#Zhan-Zhian-Azadi

Plagiarism Detector

This simple project helps you to detect basic plagiarism in any two text files.

How to run the app

you can simply type this command in terminal to compare two files:

make FILE1=<path to first file_1> FILE2=<path to second file_2> run

Algorithm

This is a simple approach based on the occurrence of an individual word in the files we are testing.

The description is as follows:

- The first step is to read each file.

- Then, a pre-processing procedure is done on the result string by replacing the 'tab' and 'enter' characters and 
  removing all the punctuations from the whole file string.

- After these two steps, we will have two lists of individual words related to both files.

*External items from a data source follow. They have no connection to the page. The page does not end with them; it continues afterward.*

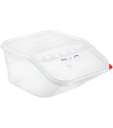 Contenitore universale GN 2/3 di facile accesso grazie al sistema FIFO (first in first out). Ideale per la conservazione di alimenti secchi (noci, pasta, riso e molto altro). Una volta impilati, tutti i coperchi dei contenitori possono essere aperti. Idoneo a HACCP grazie alle clip con codice colore. Finestra trasparente con etichetta scrivibile sulla parte anteriore. Lavabile in lavastoviglie. ...
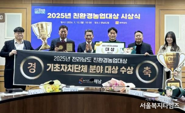 서울복지타임즈 이재연 기자 | 해남군이 전라남도‘2025년 친환경농업대상’평가에서 대상을 수상했다. 2년연속 대상 수상으로, 우리나라 친환경농업 선도 지자체의 위상을 확고히 했다. 해남군은 상사업비 8,000만원도 확보했다.
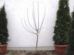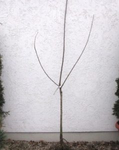 Die Krone muss mindestens drei stark entwickelte, aus zwei Veredelungsstellen entspringende Triebe haben.
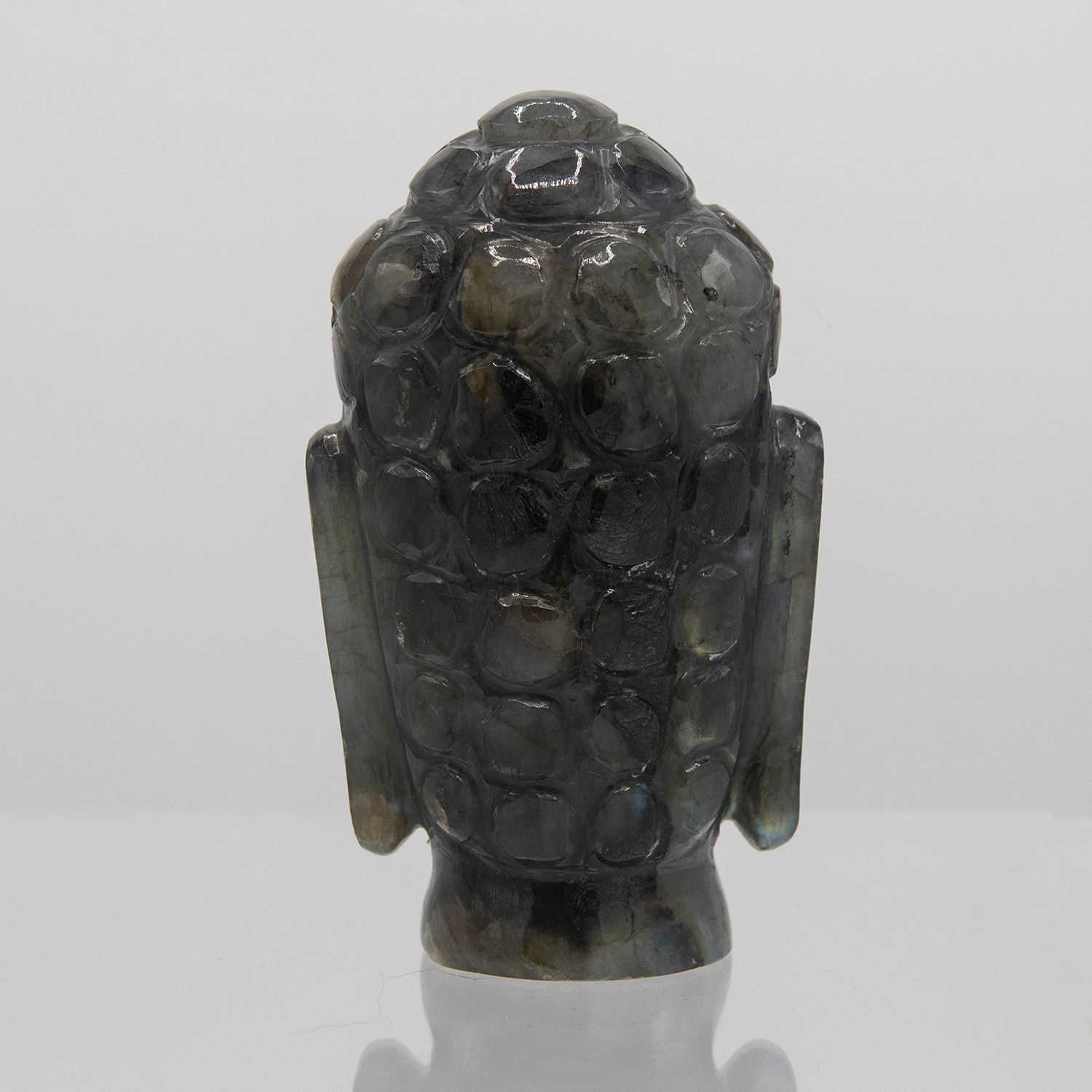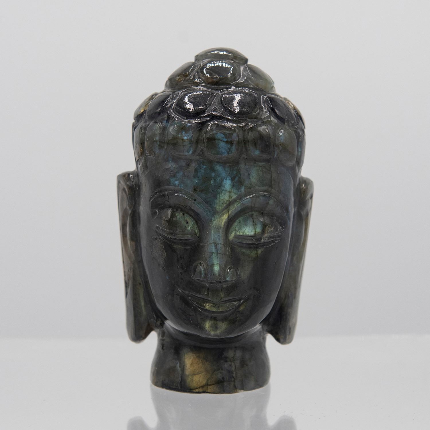 Gorgeous Huge Museum Size 2180 CT. Certified Hand Carved Labradorite Buddha. This labradorite buddha bust displays a multitude of different colors with a very luminescent opal like finish. It has a fine polish and vivid luster measuring 97 x 58 x 53 mm. Pictures cannot begin to unveil the beauty of this gem carving.

- To remove duplicate words in each list, we cast the list to set and generate a union set containing all the
  separate words in both files.

- The size of this set is m+n-k, in which m is the number of words in the first file, n is the number of words in 
  the second file, and k is the number of similar words in both files.

- As we are processing these words in the main loop, the order of the algorithm would be O(m+n-k).

- We also have a bag of the most common words in English that are declared at the beginning of the code as a final 
  list.

- In the main loop, as we detect the number of occurrences of each word existing in set_union_keys, we increment the
  value of each word by one and each common word by 0.1.

- At the end, we would have an embedding dictionary for each file that is a vector with a length of m+n-k, and each 
  element shows the weight of the word.

- Then, we normalize these values in dictionaries to make our comparison more reasonable. This is done by dividing 
  each value by the magnitude of a vector generated by all the weights of each word in the dictionary corresponding 
  to each file.

- For comparing these two embeddings, we use the equation |v1 - v2| / |v1 + v2| that varies between '0' and '1' for 
  the maximum similarity and the maximum difference, respectively.

- And for the decision-making, we compare the ratio we calculated with a default threshold of 0.5, which can be 
  changed regarding our needs.

- The output would be '1' if the ratio is less than the defined threshold of '0' if it is bigger than the threshold.
  If any exception occurs, the output would be '-1'.

- This code runs in less than one millisecond for almost all the provided sample test files.

- The accuracy in detecting plagiarism is 100% for the provided sample test files.

- The code is developed as it can be easily modified to meet OOP guidelines for better extension and maintenance.